What Does The Institutional Ownership Tell Us About MediaAlpha?
Institutional investors commonly compare their own returns to the returns of a commonly followed index. So they generally do consider buying larger companies that are included in the relevant benchmark index.
MediaAlpha already has institutions on the share registry. Indeed, they own a respectable stake in the company. This suggests some credibility amongst professional investors. But we can't rely on that fact alone since institutions make bad investments sometimes, just like everyone does. If multiple institutions change their view on a stock at the same time, you could see the share price drop fast. It's therefore worth looking at MediaAlpha's earnings history below. Of course, the future is what really matters.
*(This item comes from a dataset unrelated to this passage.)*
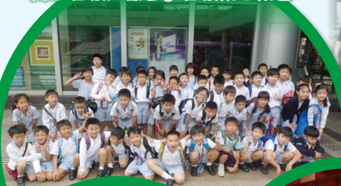
二年級學生到荃灣大會堂演奏廳欣賞「走進管弦大觀園」管弦樂音樂會

此外，校方善用社區資源，安排了大約一百位學生及家長免費欣賞現場音樂會——「庇理羅士管樂團周年音樂會2015」彼得與狼。樂團用新穎的手法介紹音樂，運用生動的旁白和個性鮮明的角色扮演，讓觀眾一邊聽故事，一邊欣賞音樂，令學生大開眼界。

It would appear that 11% of MediaAlpha shares are controlled by hedge funds. That catches my attention because hedge funds sometimes try to influence management, or bring about changes that will create near term value for shareholders. Looking at our data, we can see that the largest shareholder is Kayne Anderson Rudnick Investment Management, LLC with 15% of shares outstanding. The second and third largest shareholders are Broad Bay Capital Management, LP and Ararat Capital Management, LP, with an equal amount of shares to their name at 5.5%. Additionally, the company's CEO Steven Yi directly holds 1.8% of the total shares outstanding.
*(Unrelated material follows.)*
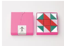
茶・菓子のパッケージ 「san grams」(cl:丸松製茶場)
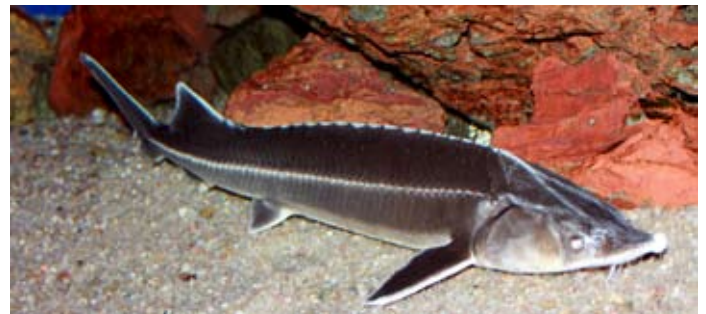
Arctic Roe avser att producera exklusiv rom från stör.

Under 2016 har Archelon även investerat i Arctic Roe of Scandinavia AB, ett företag inom segmentet vattenbruk som bygger upp en anläggning för produktion av "rysk kaviar" från stör i egna odlingar belägna i småländska Strömsnäsbruk. Verksamheten är tillståndspliktig och ett sådant har medgivits från Länsstyrelsen i Kronobergs län. Aktien i Arctic Roe är onoterad. Archelons ägande uppgår per sista mars 2017 till dryga 5 procent.

After doing some more digging, we found that the top 12 have the combined ownership of 50% in the company, suggesting that no single shareholder has significant control over the company.
While studying institutional ownership for a company can add value to your research, it is also a good practice to research analyst recommendations to get a deeper understand of a stock's expected performance. There are a reasonable number of analysts covering the stock, so it might be useful to find out their aggregate view on the future.
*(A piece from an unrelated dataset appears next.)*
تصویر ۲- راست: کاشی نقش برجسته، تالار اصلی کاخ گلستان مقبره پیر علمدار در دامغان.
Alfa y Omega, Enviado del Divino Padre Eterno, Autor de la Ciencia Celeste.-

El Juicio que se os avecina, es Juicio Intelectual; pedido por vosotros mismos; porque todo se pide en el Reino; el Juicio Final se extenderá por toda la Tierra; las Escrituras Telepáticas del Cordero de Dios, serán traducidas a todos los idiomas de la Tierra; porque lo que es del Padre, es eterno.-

Insider Ownership Of MediaAlpha
The definition of company insiders can be subjective and does vary between jurisdictions. Our data reflects individual insiders, capturing board members at the very least. The company management answer to the board and the latter should represent the interests of shareholders. Notably, sometimes top-level managers are on the board themselves.
Insider ownership is positive when it signals leadership are thinking like the true owners of the company. However, high insider ownership can also give immense power to a small group within the company. This can be negative in some circumstances.
Shareholders would probably be interested to learn that insiders own shares in MediaAlpha, Inc.. It has a market capitalization of just US$513m, and insiders have US$32m worth of shares, in their own names. It is good to see some investment by insiders, but it might be worth checking if those insiders have been buying.
General Public Ownership
The general public, who are usually individual investors, hold a 37% stake in MediaAlpha. While this group can't necessarily call the shots, it can certainly have a real influence on how the company is run.
It's always worth thinking about the different groups who own shares in a company. But to understand MediaAlpha better, we need to consider many other factors. Case in point: We've spotted 2 warning signs for MediaAlpha you should be aware of, and 1 of them shouldn't be ignored.
Ultimately the future is most important. You can access this free report on analyst forecasts for the company.
NB: Figures in this article are calculated using data from the last twelve months, which refer to the 12-month period ending on the last date of the month the financial statement is dated. This may not be consistent with full year annual report figures.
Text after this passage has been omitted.